REQUIRED ACTION
Reproduce the records below exactly, leaving out any pictures.

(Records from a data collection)
● ● ● ● ●

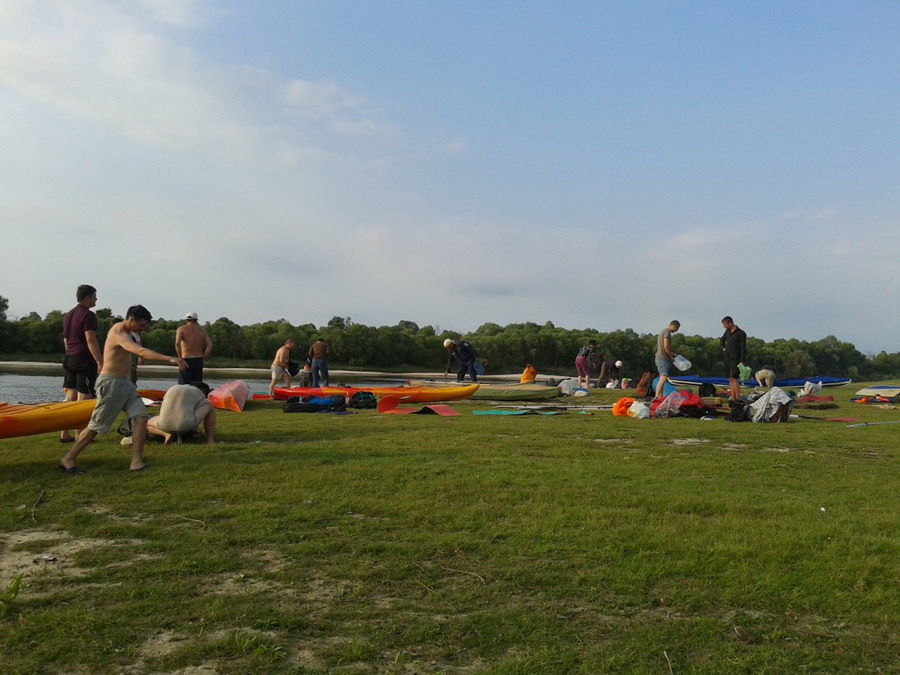 28 из них до сиесты. Мы с Сергеем приплыли под сумерки. Поляна оказалась знатная. На берегу стоял стол со скамьями. Народ разбрелся ставить палатки и собирать дрова. Появились котелки и ведра.
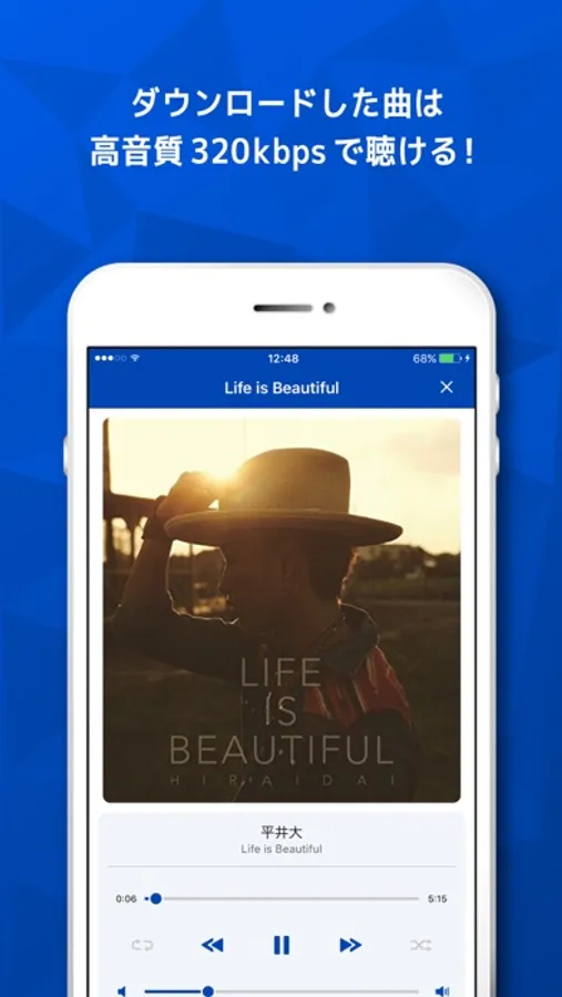 ・ダウンロードした曲は、高音質 320kbps で聴くことができます。
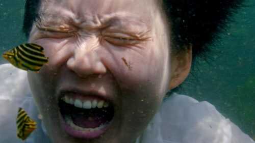 All’opera di Park rispondono i video Offering (2023) e Wreckage (2024) dell’artista Jane Jin Kaisen presentati con una doppia proiezione alla fine del percorso. Dalle immagini potentemente evocative e poetiche emerge il legame dell’artista con l’isola di Jeju e con le memorie storiche sommerse nelle sue acque, come il massacro dei civili del 1948 da parte dell’esercito sudcoreano. Kaisen richiama inoltre la relazione del luogo con forme di resistenza femminile, in quanto custode della cultura delle Haenyeo, le donne pescatrici apneiste.
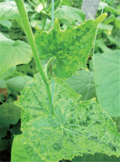 图1 黄瓜绿斑驳花叶病毒病发病症状
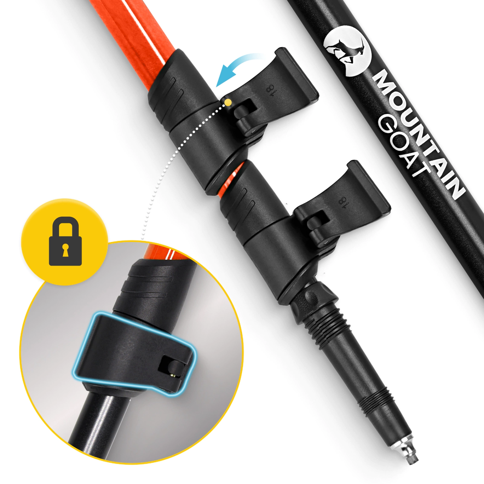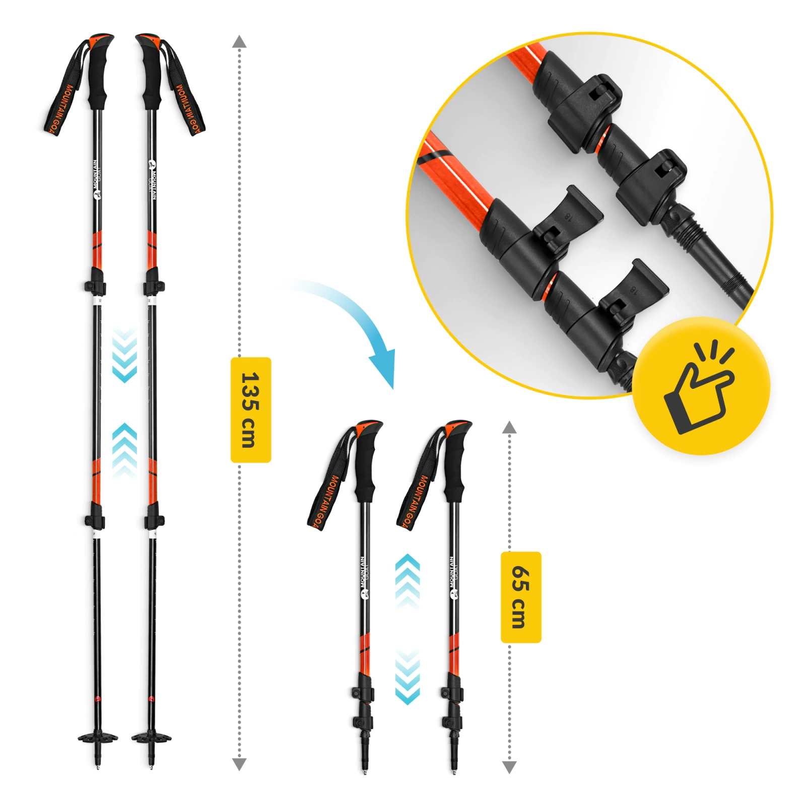 ✅ Sistemul de blocare rapidă permite reglarea lungimii bețelor între 65 și 135 cm.
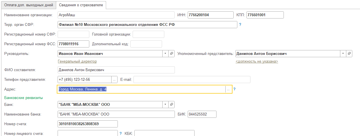 10) У нас это будет Наименование: Оплата дополнительных выходных дней, Счет:69.01, Виды платежей в бюджет (фонды): Налог(взносы): начислено/уплачено.
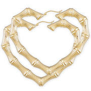 10k or 14k Real Gold Large Skinny Heart-Shaped Bamboo Hollow Earrings β Fine Jewelry, 2.9 Inches Wide
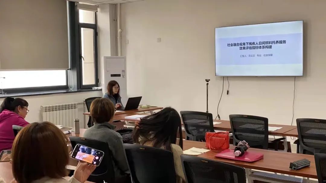 2020级社会保障专业研究生吕文文同学汇报的论文题目是《社会融合视角下残疾人日间托养服务效果评估指标体系构建》,她主要从问题的提出、社会融合视角下残疾人日间照料托养服务效果评估指标体系的构建以及构建的该指标体系的实践价值等方面展开阐述,重点对残疾人社会融入指标的划分维度以及社会融合视角下残疾人日间照料托养服务社会效果的评估指标体系做了分析。
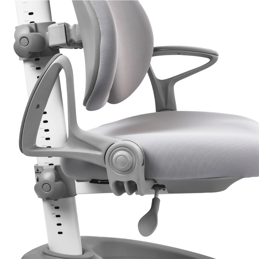 Wybór odpowiedniego krzesła do pokoju dziecięcego może mieć większe znaczenie, niż myślisz! W końcu zdrowie Twojego dziecka jest niesamowicie istotne. W momencie, gdy jest w wieku przedszkolnym / szkolnym następuje w nim największy rozwój zarówno mentalny, jak i fizyczny. Dlatego warto już od samego początku budować w nim zdrowe nawyki. Takie jak np. zdrowa, wyprostowana pozycja ciała w trakcie siedzenia. Jednak, żeby dziecko mogło przyjąć taką postawę, trzeba zapewnić mu odpowiednią wygodę. Dlatego też dobre krzesło powinno mu pozwalać na bieżąco dostosowywać pozycję poszczególnych elementów w krzesełku dziecięcym. W przypadku fotela SPC-XD-05 masz możliwość regulacji:

● ● ● ● ●

ANSWER
 28 из них до сиесты. Мы с Сергеем приплыли под сумерки. Поляна оказалась знатная. На берегу стоял стол со скамьями. Народ разбрелся ставить палатки и собирать дрова. Появились котелки и ведра.
 ・ダウンロードした曲は、高音質 320kbps で聴くことができます。
 All’opera di Park rispondono i video Offering (2023) e Wreckage (2024) dell’artista Jane Jin Kaisen presentati con una doppia proiezione alla fine del percorso. Dalle immagini potentemente evocative e poetiche emerge il legame dell’artista con l’isola di Jeju e con le memorie storiche sommerse nelle sue acque, come il massacro dei civili del 1948 da parte dell’esercito sudcoreano. Kaisen richiama inoltre la relazione del luogo con forme di resistenza femminile, in quanto custode della cultura delle Haenyeo, le donne pescatrici apneiste.
 图1 黄瓜绿斑驳花叶病毒病发病症状
 ✅ Sistemul de blocare rapidă permite reglarea lungimii bețelor între 65 și 135 cm.
 10) У нас это будет Наименование: Оплата дополнительных выходных дней, Счет:69.01, Виды платежей в бюджет (фонды): Налог(взносы): начислено/уплачено.
 10k or 14k Real Gold Large Skinny Heart-Shaped Bamboo Hollow Earrings β Fine Jewelry, 2.9 Inches Wide
 2020级社会保障专业研究生吕文文同学汇报的论文题目是《社会融合视角下残疾人日间托养服务效果评估指标体系构建》,她主要从问题的提出、社会融合视角下残疾人日间照料托养服务效果评估指标体系的构建以及构建的该指标体系的实践价值等方面展开阐述,重点对残疾人社会融入指标的划分维度以及社会融合视角下残疾人日间照料托养服务社会效果的评估指标体系做了分析。
 Wybór odpowiedniego krzesła do pokoju dziecięcego może mieć większe znaczenie, niż myślisz! W końcu zdrowie Twojego dziecka jest niesamowicie istotne. W momencie, gdy jest w wieku przedszkolnym / szkolnym następuje w nim największy rozwój zarówno mentalny, jak i fizyczny. Dlatego warto już od samego początku budować w nim zdrowe nawyki. Takie jak np. zdrowa, wyprostowana pozycja ciała w trakcie siedzenia. Jednak, żeby dziecko mogło przyjąć taką postawę, trzeba zapewnić mu odpowiednią wygodę. Dlatego też dobre krzesło powinno mu pozwalać na bieżąco dostosowywać pozycję poszczególnych elementów w krzesełku dziecięcym. W przypadku fotela SPC-XD-05 masz możliwość regulacji:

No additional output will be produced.